Uzun yıllardır, lidaz preparatları SP'li hastaların karmaşık tedavisinde kullanılmaktadır. Son zamanlarda, yerel yazarların birkaç raporu, SP'li hastaların karmaşık tedavisinde sistemik bir enzim terapisi ilacı olarak wobenzim kullanımının olumlu deneyimleri hakkında ortaya çıkmıştır.

Günümüzde gelişmiş sağlık sistemlerine sahip ülkelerde, yüksek derecede güvenilirliğe sahip araştırmalara dayalı olarak, kanıta dayalı tıp ilkeleri dikkate alınarak hastalıkların tanı ve tedavisine yönelik öneriler hazırlanmaktadır. CAP / CPPS için ilaç tedavisi ile ilgili olarak, bu tür çalışmalar açıkça yetersizdir. Yalnızca antibiyotiklerin ve β 1-blokerlerin kullanımına ilişkin materyaller ve belirli toleranslarla Serenoa repens bitki özleri kanıta dayalı tıp kriterlerini karşılar. Diğer tüm uyuşturucu gruplarının kullanımına ilişkin veriler çoğunlukla ampiriktir.

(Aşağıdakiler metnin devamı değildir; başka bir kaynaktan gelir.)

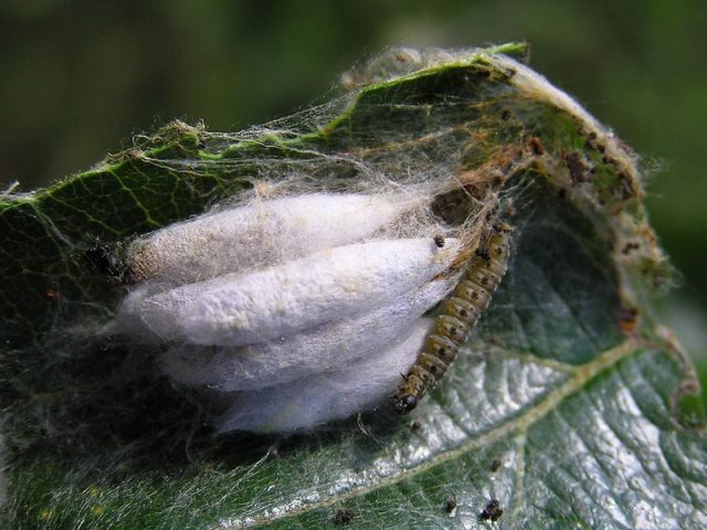 Esta plaga puede construir nidos enteros de telarañas en las cerezas. Las orugas comen la carne de las bayas y las hojas hasta las venas. Para la lucha, se utilizan drogas Iskra-M, Pyriton. Para un árbol adulto, el consumo de la droga es de 3-4 litros.

ABD Sağlık Enstitüsünün (NIH) tavsiyelerine göre, kanıta dayalı tıp kriterlerine uygun olarak, önceliğe göre abakteriyel prostatit için en sık kullanılan tedaviler aşağıdaki sırayla gösterilebilir:

  • Tedavi Yöntemi Önceliği (0-5);
  • Antibakteriyel ajanlar (antibiyotikler) 4. 4;
  • Alfa1 blokerleri 3. 7;
  • Prostat masajı (kurs) 3. 3;
  • Antiinflamatuar tedavi (steroidal olmayan antiinflamatuar ilaçlar, hidroksizin) 3. 3;
  • Anestezik tedavi (analjezikler, amitriptilin, gabapentin) 3. 1;
  • Biofeedback tedavisi (anorektal biofeedback) 2. 7;
  • Bitkisel ilaç (Serenoa repens / Saw palmetto, quercetin) 2. 5;
  • 5a-redüktaz inhibitörleri (finasteride) 2. 5;
  • Kas gevşetici maddeler (diazepam, baklofen) 2. 2;
  • Termoterapi (transüretral mikrodalga termoterapi, transüretral iğne ablasyonu, lazer) 2. 2;
  • Fizyoterapi (genel masaj vb. ) 2. 1;
  • Psikoterapi 2. 1;
  • Alternatif tedavi (meditasyon, akupunktur vb. ) 2. 0;
  • Antikoagülanlar (pentosan polisülfat) 1. 8;
  • Kapsaisin 1. 8;
  • Allopurinol 1. 5;
  • Cerrahi tedavi (mesane boynunun TUR'u, prostat, prostatın transüretral kesisi, radikal prostatektomi) 1. 5.

Tenke P. 'de (2003) kronik prostatit tedavi yöntemlerinin önceliğine biraz farklı vurgu

  • Antimikrobiyal tedavi ++++;
  • Alfa1 blokerleri +++;
  • Antienflamatuvarlar ++;
  • Bitkisel ilaç ++;
  • Hormon tedavisi ++;
  • Hipertermi / termoterapi ++;
  • Prostat masajının seyri ++;
  • Alternatif tedaviler ++;
  • Psikoterapi ++;
  • Allopurinol +;
  • Cerrahi tedavi (TUR) +.

Bu nedenle, kronik abakteriyel prostatit ve CPPS'nin tedavisi için, kullanımı hastalığın patogenezinin çeşitli aşamalarındaki etkileri hakkındaki bilgilere dayanan çok sayıda çeşitli ilaç ve ilaç grupları önerilmiştir. Birkaç istisna dışında, tüm bunlar kanıta dayalı çalışmalarla zayıf bir şekilde desteklenmektedir. CAP tedavisinin sonuçlarını iyileştirme umutları ve özellikle pelvik ağrılı hasta grubu, bu durumların tanı ve ayırıcı tanısında ilerleme, hastalığın klinik sınıflandırmasının iyileştirilmesi ve detaylandırılması, güvenilirlik birikimi ile ilişkilidir. açık bir şekilde özetlenmiş hasta gruplarında ilaçların etkililiğini ve güvenliğini karakterize eden klinik sonuçlar.